### [Data]
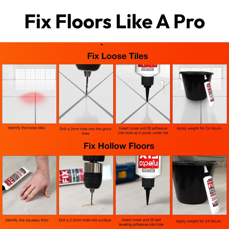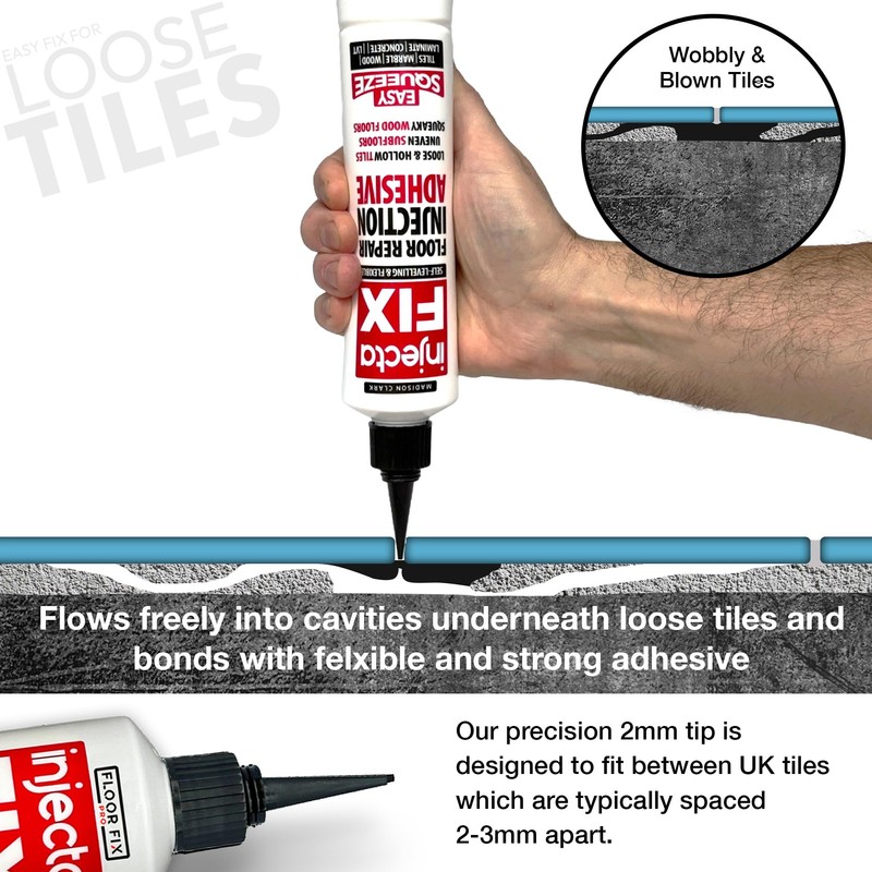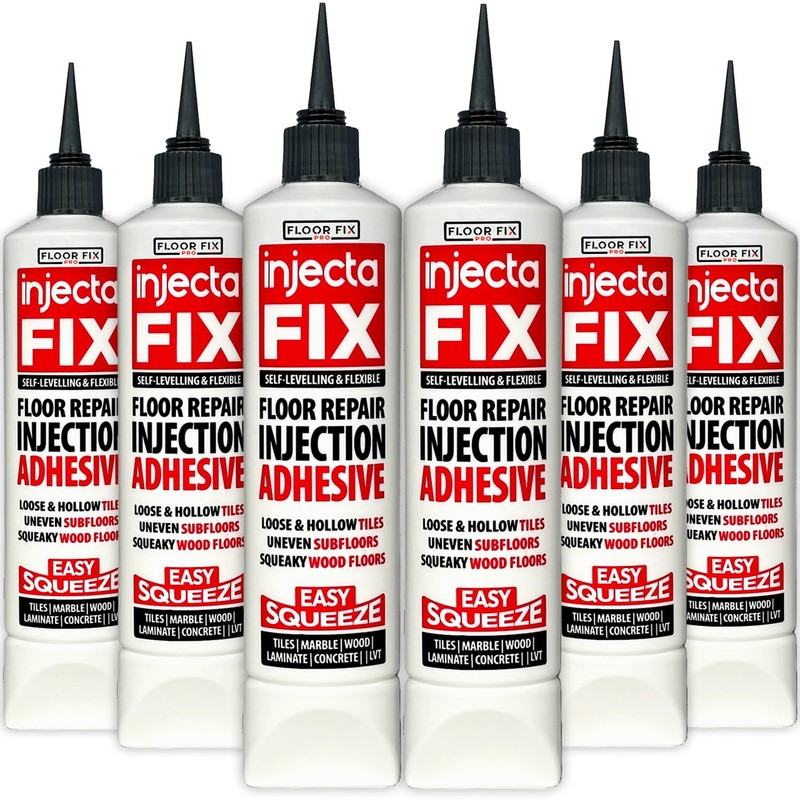 - Make floor repair simple with the Original Injectfix Easy Squeeze the all-in-one Loose Tile And Hollow Floor Repair system is designed to fix loose and hollow tiles, wood, laminate, and LVT and ideal for tackling squeaky wooden floors with just a squeeze.
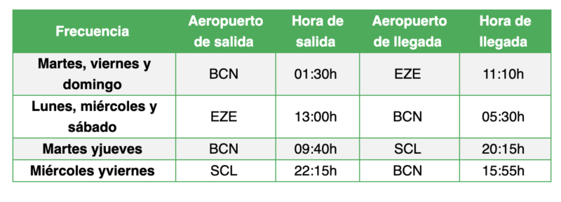 Estos son los horarios que tendrán con Ezeiza y Santiago hacia/desde Barcelona
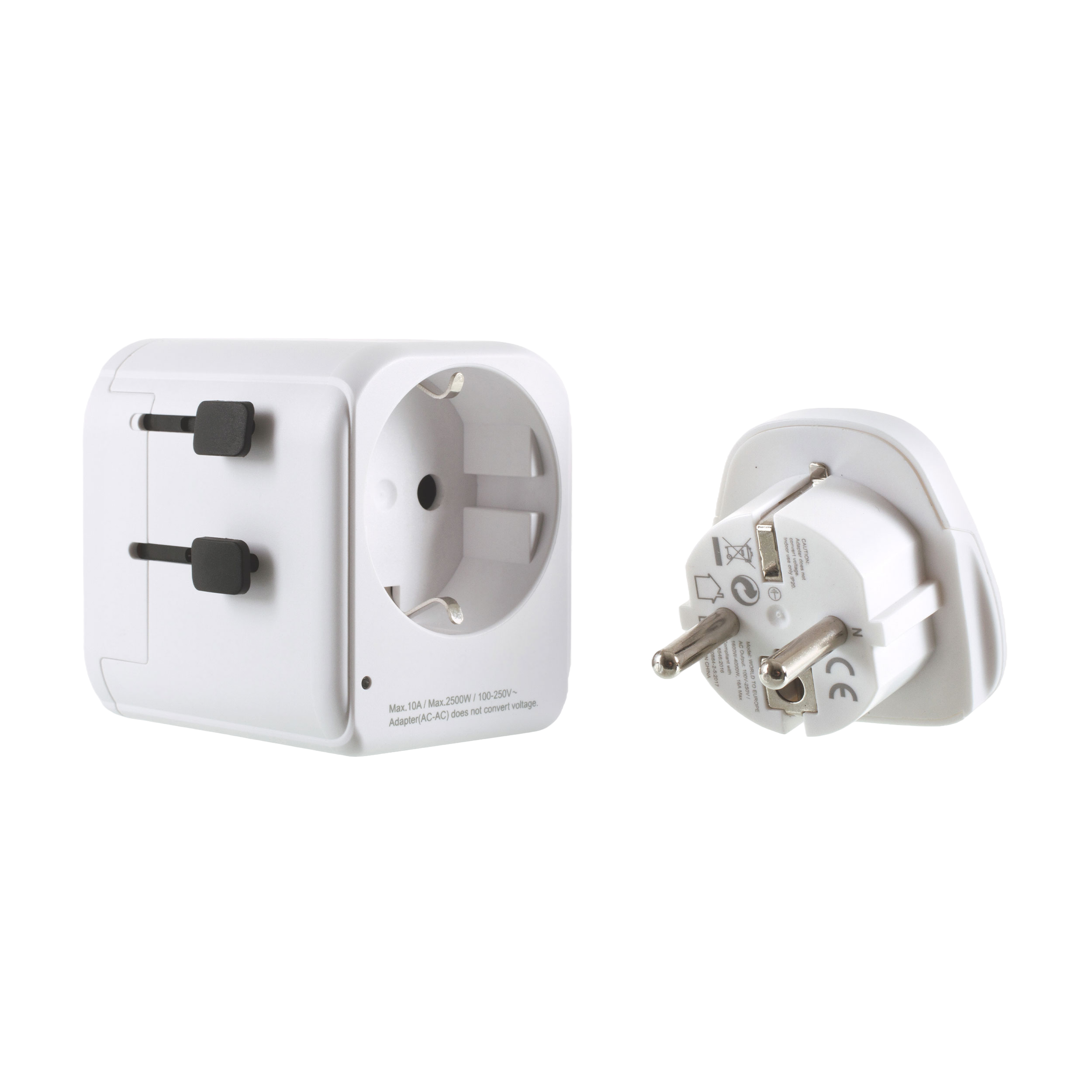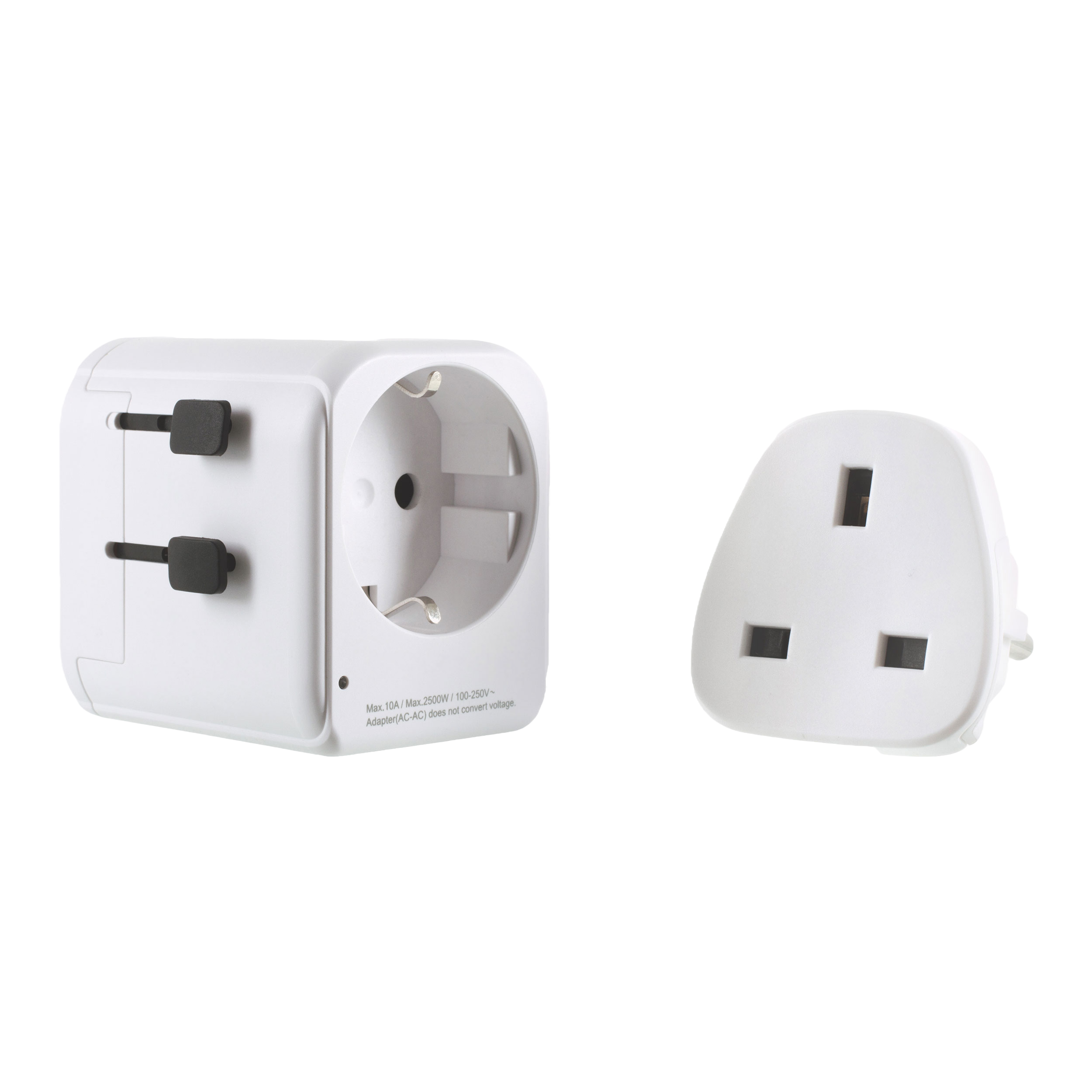 - Converts UK/EU plugs for use in power outlets worldwide

### [Exercise instructions]
Without any of the pictures, reproduce the listing above exactly.

### [Reply to the exercise]
 - Make floor repair simple with the Original Injectfix Easy Squeeze the all-in-one Loose Tile And Hollow Floor Repair system is designed to fix loose and hollow tiles, wood, laminate, and LVT and ideal for tackling squeaky wooden floors with just a squeeze.
 Estos son los horarios que tendrán con Ezeiza y Santiago hacia/desde Barcelona
 - Converts UK/EU plugs for use in power outlets worldwide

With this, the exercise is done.